DATA UNDER STUDY —
---

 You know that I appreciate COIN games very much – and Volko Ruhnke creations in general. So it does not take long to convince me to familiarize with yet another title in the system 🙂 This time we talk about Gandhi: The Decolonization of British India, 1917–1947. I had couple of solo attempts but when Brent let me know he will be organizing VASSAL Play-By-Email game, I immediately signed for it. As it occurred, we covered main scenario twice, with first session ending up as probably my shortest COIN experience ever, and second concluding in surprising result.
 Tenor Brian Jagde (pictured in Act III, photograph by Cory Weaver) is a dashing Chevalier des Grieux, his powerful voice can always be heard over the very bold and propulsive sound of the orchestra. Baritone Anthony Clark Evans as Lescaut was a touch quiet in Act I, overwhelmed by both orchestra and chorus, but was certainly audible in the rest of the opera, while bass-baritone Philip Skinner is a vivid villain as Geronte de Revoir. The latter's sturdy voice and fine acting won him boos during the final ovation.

---

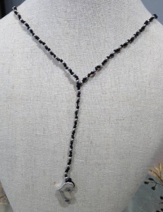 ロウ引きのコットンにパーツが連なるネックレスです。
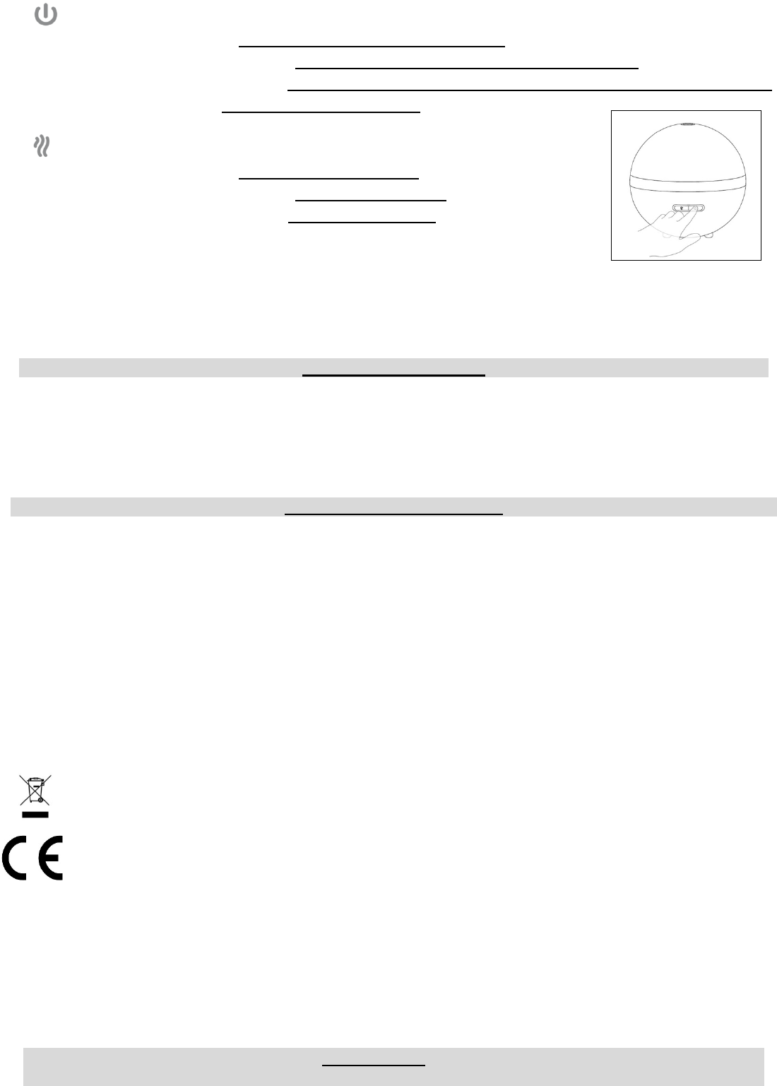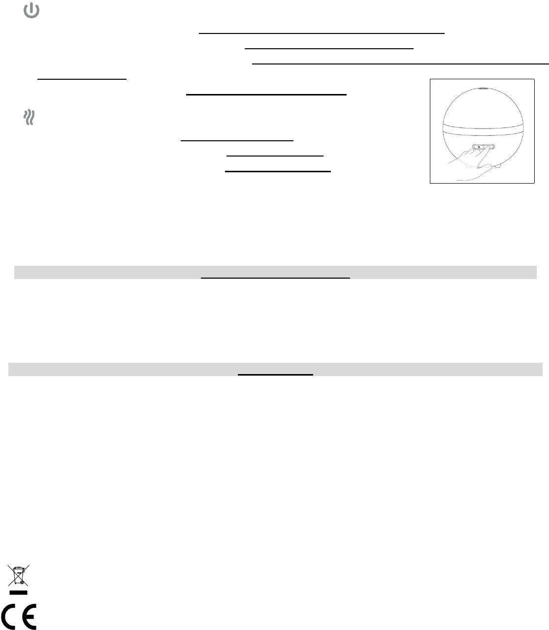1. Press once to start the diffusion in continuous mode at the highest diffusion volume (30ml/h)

---

All lines of the data that hold "very" need to be copied.

WRITTEN REPLY —
 You know that I appreciate COIN games very much – and Volko Ruhnke creations in general. So it does not take long to convince me to familiarize with yet another title in the system 🙂 This time we talk about Gandhi: The Decolonization of British India, 1917–1947. I had couple of solo attempts but when Brent let me know he will be organizing VASSAL Play-By-Email game, I immediately signed for it. As it occurred, we covered main scenario twice, with first session ending up as probably my shortest COIN experience ever, and second concluding in surprising result.
 Tenor Brian Jagde (pictured in Act III, photograph by Cory Weaver) is a dashing Chevalier des Grieux, his powerful voice can always be heard over the very bold and propulsive sound of the orchestra. Baritone Anthony Clark Evans as Lescaut was a touch quiet in Act I, overwhelmed by both orchestra and chorus, but was certainly audible in the rest of the opera, while bass-baritone Philip Skinner is a vivid villain as Geronte de Revoir. The latter's sturdy voice and fine acting won him boos during the final ovation.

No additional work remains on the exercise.